New data showed that overall lending has fallen in the last quarter, with investor lending volumes declining more than five per cent amid rising rates and government reforms.
According to Australian Bureau of Statistics (ABS) data, investor lending in the March quarter was 5.3 per cent lower, while the value of loans also fell by 3.0 per cent.
Overall, housing loan commitments decreased by 6.2 per cent, while the total loan value dropped by 3.8 per cent.
According to Cotality’s Head of Research, Gerard Burg, a number of factors have contributed to the slowdown in housing demand.
He said measures of housing affordability and mortgage serviceability were already stretched last year, before the Reserve Bank of Australia started lifting interest rates.
“Consumer confidence surveys also plunged on the back of rising energy prices as the Iran war commenced in late February, with low confidence often acting as a deterrence to a high value purchase, such as real estate,” he said.
Owner-occupiers lead lending slowdown
Despite the decline in investor lending, Burg noted that owner-occupiers led the overall retreat, slowing more significantly than investors.
The quarterly volume of owner-occupier loans fell by 6.9 per cent, while the value of loans dropped by 4.3 per cent.
According to Burg, this meant the investor share of total lending rose in March, surging to a record high of 41.0 per cent since September 2019.
“In value terms, the investor share was 40.3 per cent, its highest level since December 2016, a period just prior to APRA placing a limit on interest only lending,” he said.
The data also showed the first home buyer (FHB) cohort saw a smaller fall in the volume of lending in the March quarter than owner-occupiers, but the trend was reversed in value terms.
The average new loan size for FHBs fell around 2.6 per cent, compared with a 1.6 per cent increase for other owner-occupiers.
“In part, this relative resilience in FHB lending may have been supported by the 5 per cent Deposit Scheme,” Burg said.
NSW leads decline in investor lending
When it came to the individual states, Burg noted there was considerable variation in trends across each cohort, with NSW leading the overall decline in volume of investor lending.
On the other hand, NSW had the largest share of investor lending in March, at 43.9 per cent, followed by Western Australia.

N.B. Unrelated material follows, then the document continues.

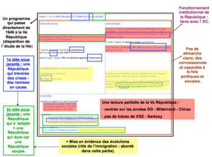 Dans un premier temps, ils procèdent à une analyse de cette relecture des programmes de 3e sur la Ve République, insistant sur les années De Gaulle, Mitterrand et Chirac et cherchant à faire comprendre aux élèves son adaptation sur la durée malgré les crises et les remises en cause.
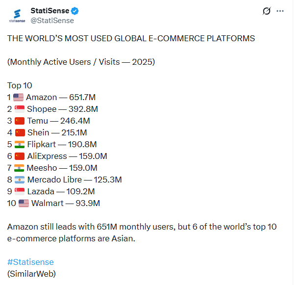 根据权威数据平台Similarweb最新排名,TEMU的月活跃用户数已达到2.46亿,位列全球电商APP第三,仅次于亚马逊和Shopee。

Contrastingly, investor lending in South Australia and Tasmania increased in March, with the volume of investor loans in Tasmania rising by almost 74 per cent over the same period last year.
Burg said he expected the removal of negative gearing in this year’s federal budget to continue having a negative impact on investor demand, and by extension, new investor loans.
“Wile some new investors may be drawn to purchase newly constructed properties, they have historically favoured existing dwellings and may now look to other (non - property)
assets instead,” he said.
“With rental yields well below the cost of borrowing, fewer investors into existing properties would be able to generate a positive cashflow, meaning that the costs of holding these,” Burg concluded.